I think Liberal Democrats see themselves very much as third sector champions, people who have always been prepared to say it isn't necessarily for the state to have all the solutions. We probably feel that the Labour Party, at times, has been uncritical of state action, but also that those parties on the Right have perhaps been uncritical of the failings of the market. Therefore the Liberal Democrats have always thought that actually allowing people to do things themselves, for themselves, in their communities, communities based on geography, or communities of interest, is just as important.
And we've also looked to people who want to do things without a profit motive, often with a good way of doing things, and want to see people who actually do things in their life that aren't necessarily just based on the personal profit motive recognised.
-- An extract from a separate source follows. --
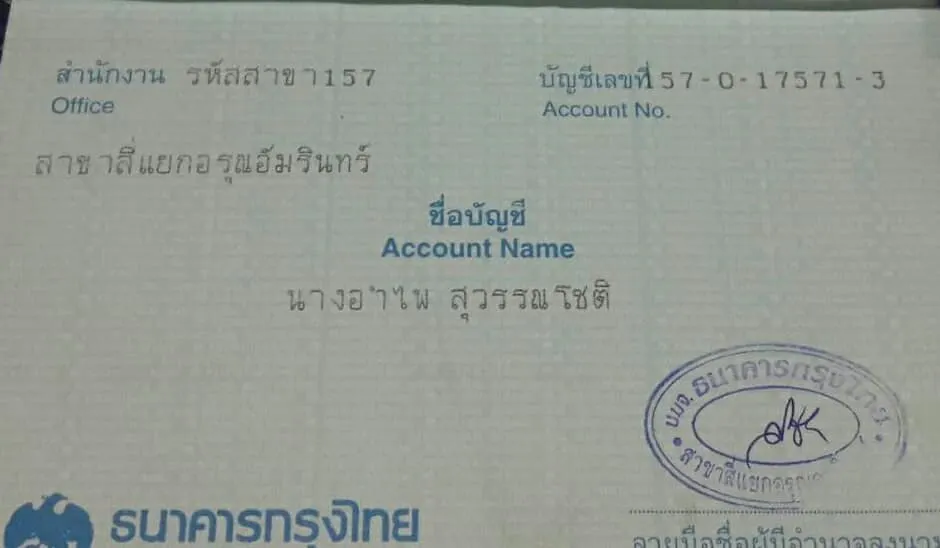 ชื่อบัญชี นาง อำไพ สุวรรณโชติ

AH: So Labour's view which seems to be coming through more strongly at the moment, that this is their territory that they need to reclaim, you don't have a great deal of time for that perspective?
CR: I think people shouldn't fight over whose territory it is. I think that's actually undermining to the concept. I think it's more important to recognise that there are good values behind the concept of Big Society, and that those values go across all parties, and have lasted for a lot longer than recent years.
But how are we to achieve it? It would be much easier to achieve some of these things in a time of plenty than a time of famine. That's quite difficult. They're wasting all our time arguing about who is responsible for the famine or what's the scale of the famine. The issue is how could we actually change the way in which government functions, at all levels, how to actually enable communities to control more things for themselves, and how can we encourage civil society to thrive.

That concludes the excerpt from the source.